● **WHAT YOU ARE ASKED TO DO**
Exactly as written, transcribe the data from its opening line through the line containing "Veľkosť 104, aj". Leave every picture out.

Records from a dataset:
......

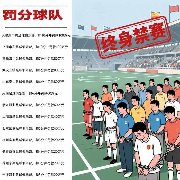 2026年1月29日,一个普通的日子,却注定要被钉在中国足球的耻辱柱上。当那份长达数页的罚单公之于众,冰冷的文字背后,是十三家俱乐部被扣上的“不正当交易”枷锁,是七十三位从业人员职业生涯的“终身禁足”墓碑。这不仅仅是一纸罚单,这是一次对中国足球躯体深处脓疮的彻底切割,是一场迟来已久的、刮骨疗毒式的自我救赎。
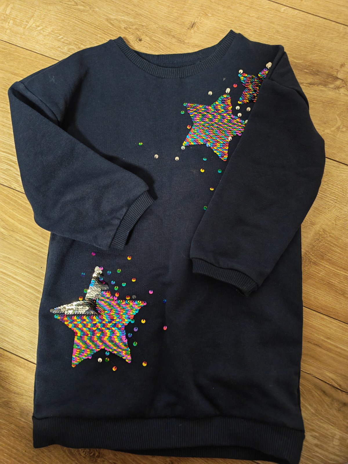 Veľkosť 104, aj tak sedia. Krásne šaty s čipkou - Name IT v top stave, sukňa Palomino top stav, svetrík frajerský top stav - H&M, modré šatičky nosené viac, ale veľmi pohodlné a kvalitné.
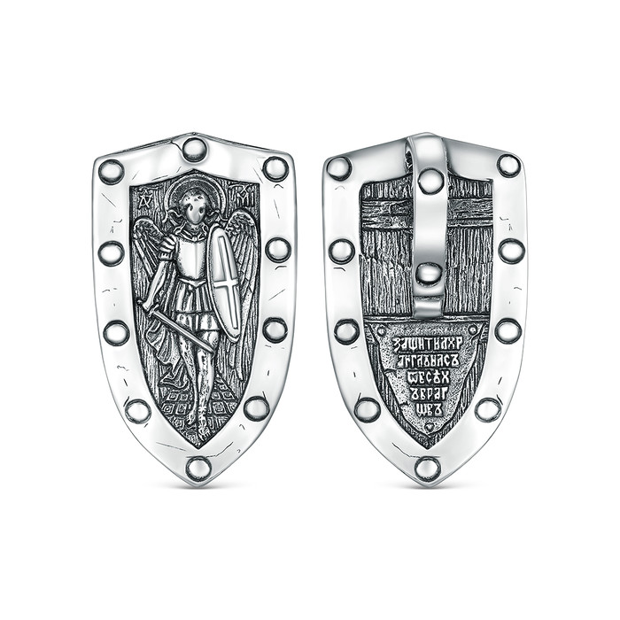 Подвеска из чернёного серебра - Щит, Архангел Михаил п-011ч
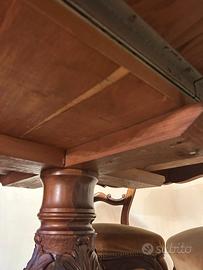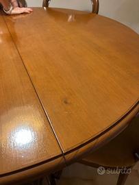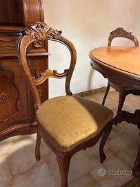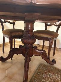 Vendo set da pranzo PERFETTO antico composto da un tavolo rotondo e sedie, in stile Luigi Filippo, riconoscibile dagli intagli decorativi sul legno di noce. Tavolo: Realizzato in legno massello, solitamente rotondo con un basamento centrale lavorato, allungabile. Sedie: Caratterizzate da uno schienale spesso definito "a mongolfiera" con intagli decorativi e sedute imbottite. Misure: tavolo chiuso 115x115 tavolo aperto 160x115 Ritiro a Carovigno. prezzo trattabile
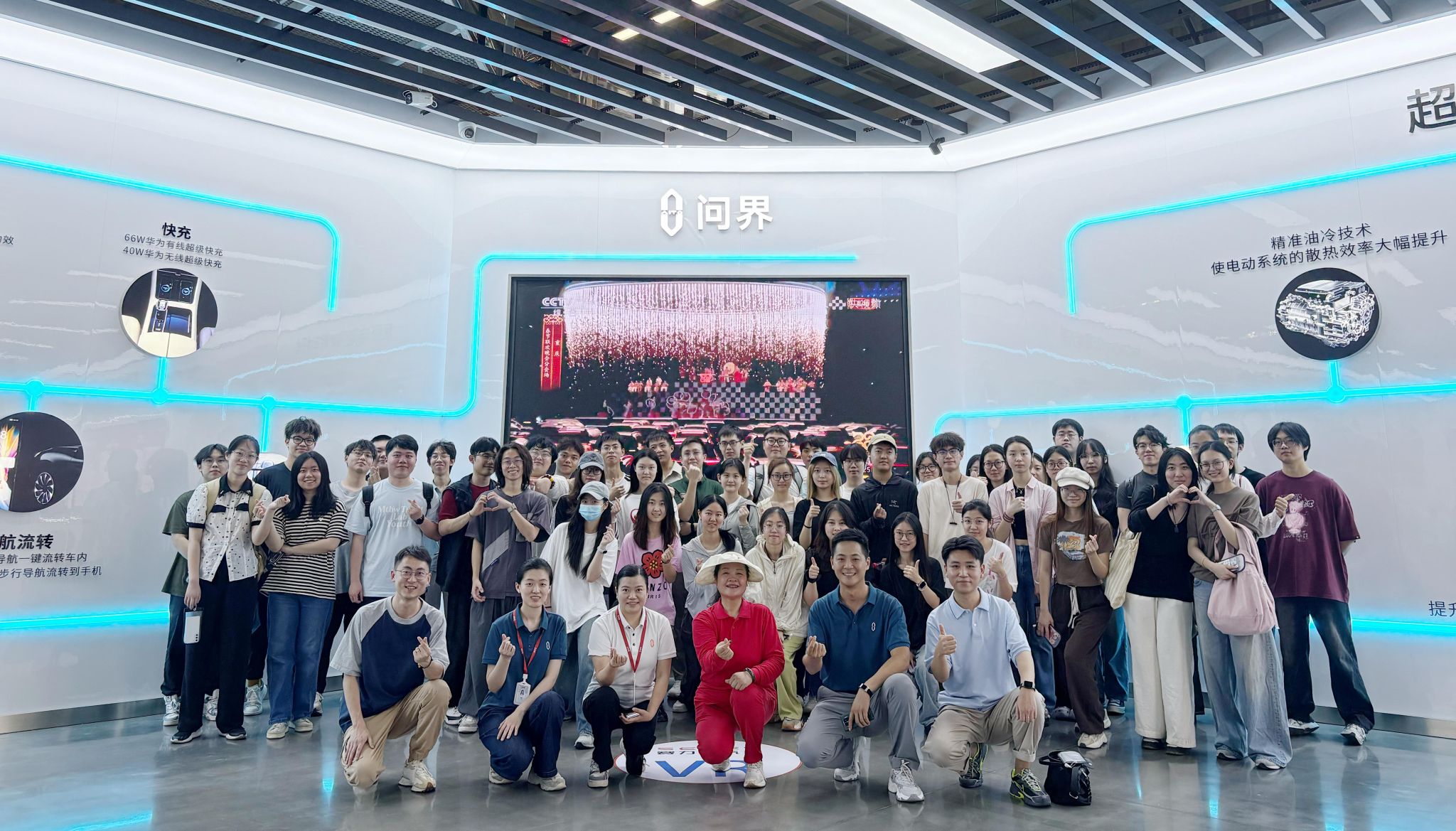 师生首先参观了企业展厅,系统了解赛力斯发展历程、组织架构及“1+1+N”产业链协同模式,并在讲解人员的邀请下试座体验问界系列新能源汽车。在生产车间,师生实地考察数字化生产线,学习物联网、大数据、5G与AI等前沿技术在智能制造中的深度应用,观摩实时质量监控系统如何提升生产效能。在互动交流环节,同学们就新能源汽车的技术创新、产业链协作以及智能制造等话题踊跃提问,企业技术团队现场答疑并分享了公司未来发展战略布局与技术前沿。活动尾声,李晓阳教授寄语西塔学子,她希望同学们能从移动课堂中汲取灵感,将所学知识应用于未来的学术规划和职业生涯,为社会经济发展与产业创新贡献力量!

......

● **YOUR RESPONSE**
 2026年1月29日,一个普通的日子,却注定要被钉在中国足球的耻辱柱上。当那份长达数页的罚单公之于众,冰冷的文字背后,是十三家俱乐部被扣上的“不正当交易”枷锁,是七十三位从业人员职业生涯的“终身禁足”墓碑。这不仅仅是一纸罚单,这是一次对中国足球躯体深处脓疮的彻底切割,是一场迟来已久的、刮骨疗毒式的自我救赎。
 Veľkosť 104, aj tak sedia. Krásne šaty s čipkou - Name IT v top stave, sukňa Palomino top stav, svetrík frajerský top stav - H&M, modré šatičky nosené viac, ale veľmi pohodlné a kvalitné.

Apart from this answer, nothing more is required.